In the event of a covenant defeasance, our obligations under the indenture and the debt securities, other than with respect to the covenants specifically referred to above, will remain in effect.
If we exercise our option not to comply with any covenant and the debt securities of the series become immediately due and payable because an event of default has occurred, other than as a result of an event of default related to a covenant that is subject to defeasance, the amount of money and/or eligible instruments on deposit with the applicable trustee will be sufficient to pay the principal, any interest, any premium and any other sums, due on the debt securities of that series, such as sinking fund payments, on the date the payments are due under the applicable indenture and the terms of the debt securities, but may not be sufficient to pay amounts due at the time of acceleration. We would remain liable, however, for the balance of the payments.
Registration and Transfer
Unless we indicate otherwise in the applicable prospectus supplement, we will issue debt securities only as registered securities without coupons. Debt securities that we issue as bearer securities will have interest coupons attached, unless we indicate otherwise in the applicable prospectus supplement.
With respect to registered securities, we will keep or cause to be kept a register in which we will provide for the registration of registered securities and the registration of transfers of registered securities. We will appoint a "security registrar," and we may appoint any "co-security registrar," to keep the security register.
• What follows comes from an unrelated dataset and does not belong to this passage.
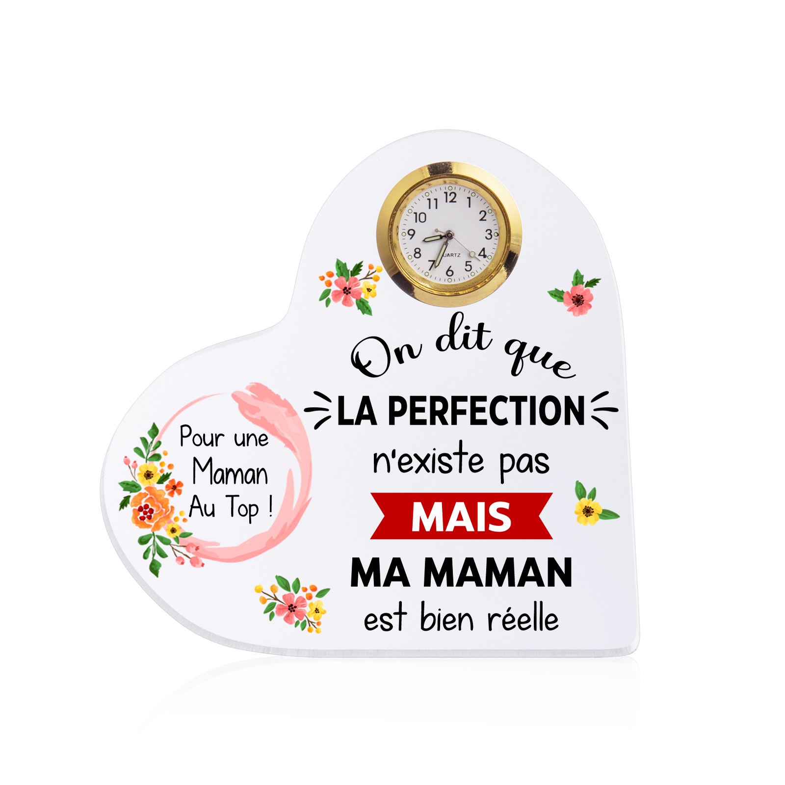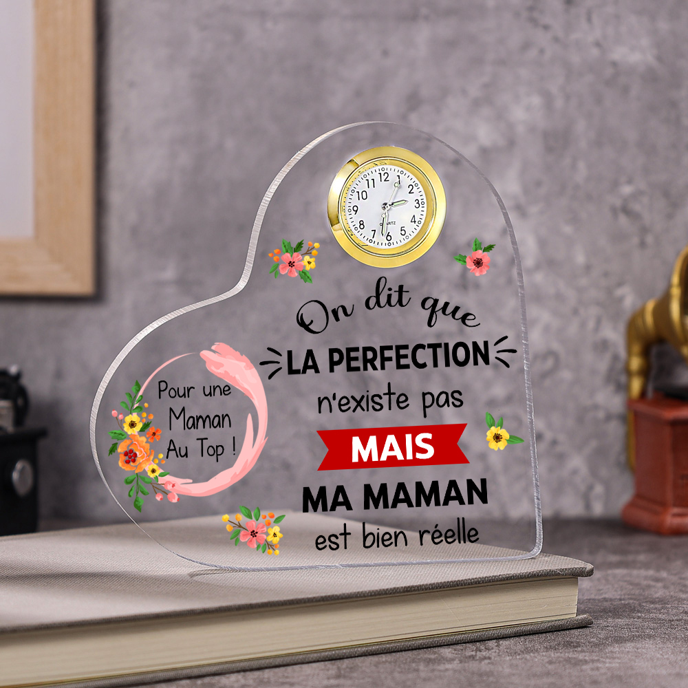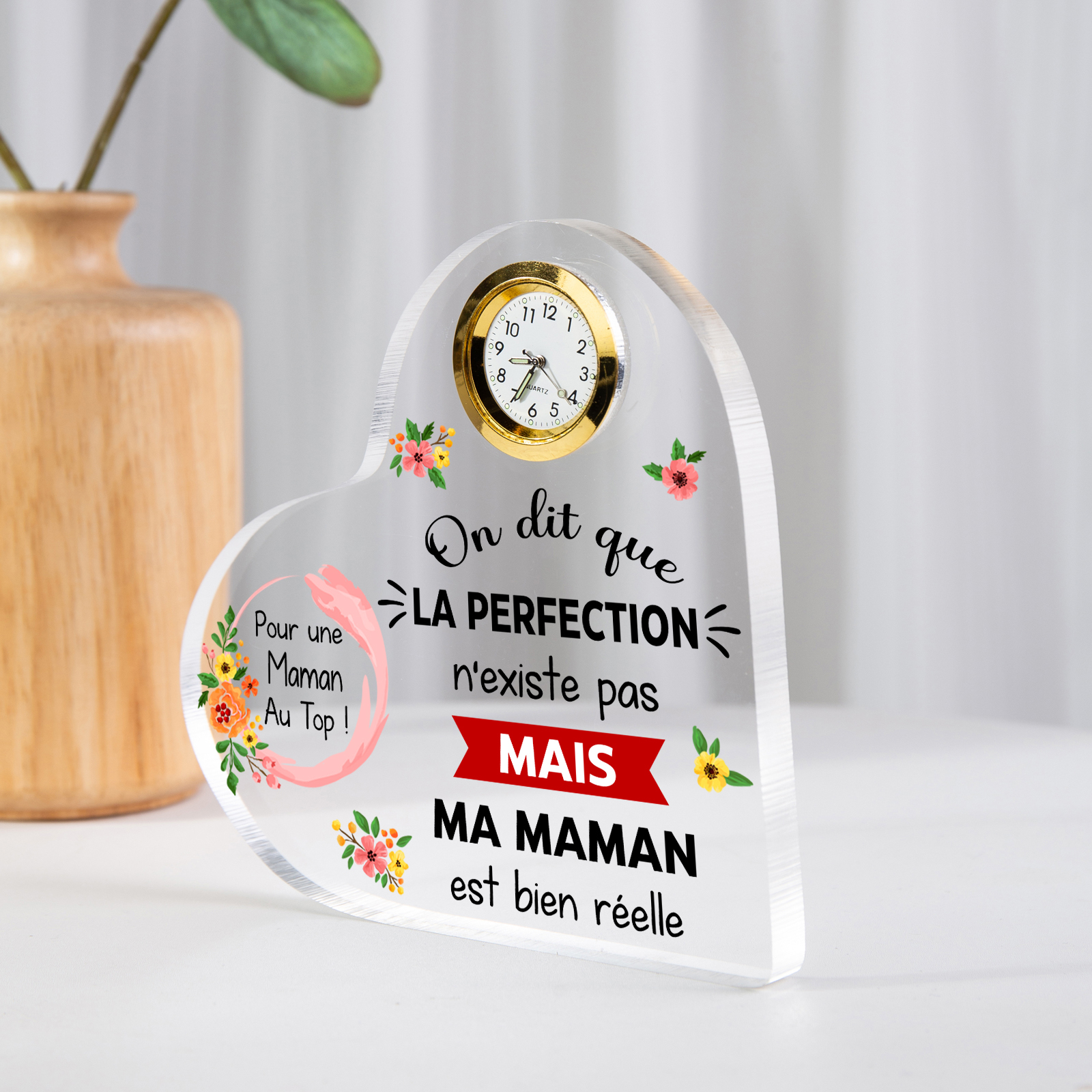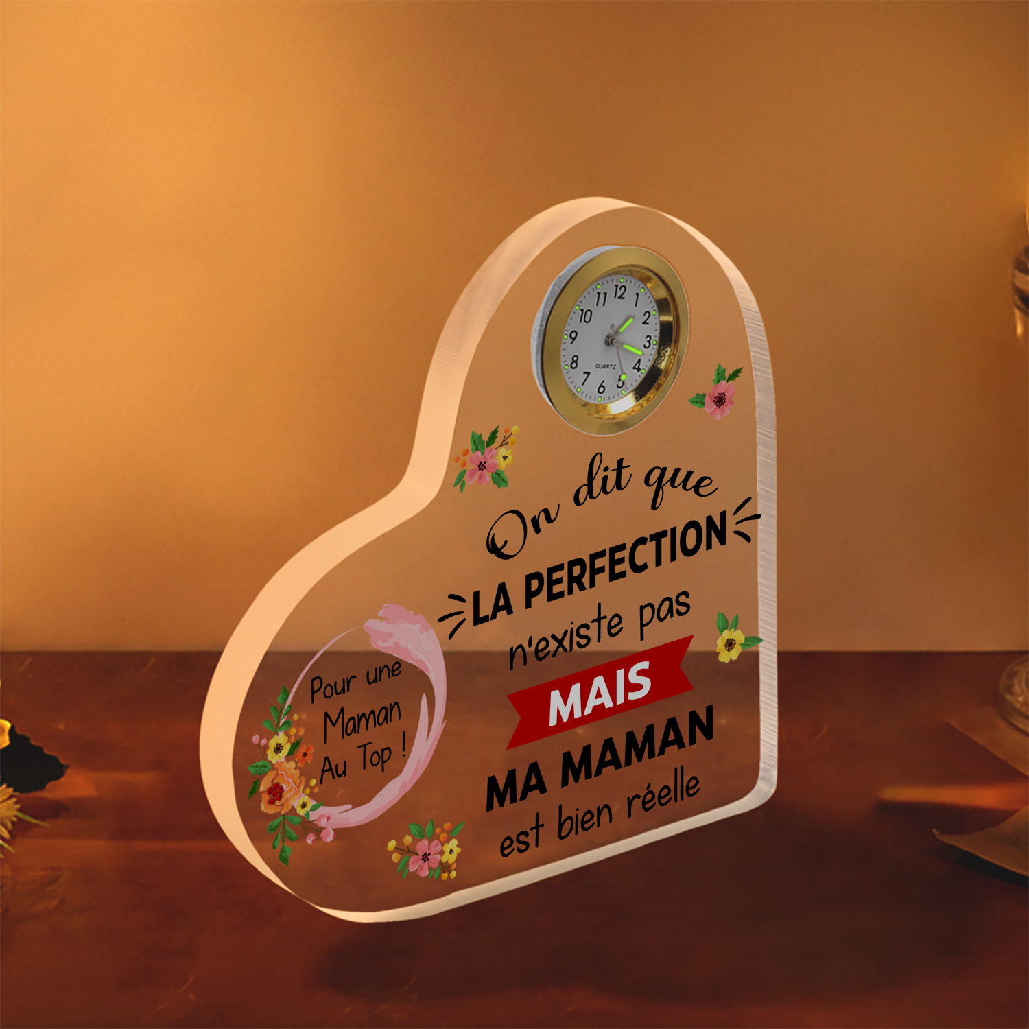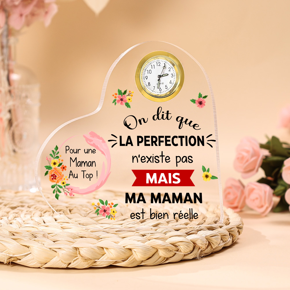 Plaque Acrylique en Forme de Coeur avec Horloge Fleur

Upon surrender for registration of transfer of any registered security of any series at our office or agency maintained for that purpose in a place of payment for that series, we will execute one or more new registered securities of that series in any authorized denominations, with the same aggregate principal amount and terms. At the option of the holder, a holder may exchange registered securities of any series for other registered securities of that series, or bearer securities (along with all necessary related coupons) of any series for registered securities of the same series. Registered securities will not be exchangeable for bearer securities in any event.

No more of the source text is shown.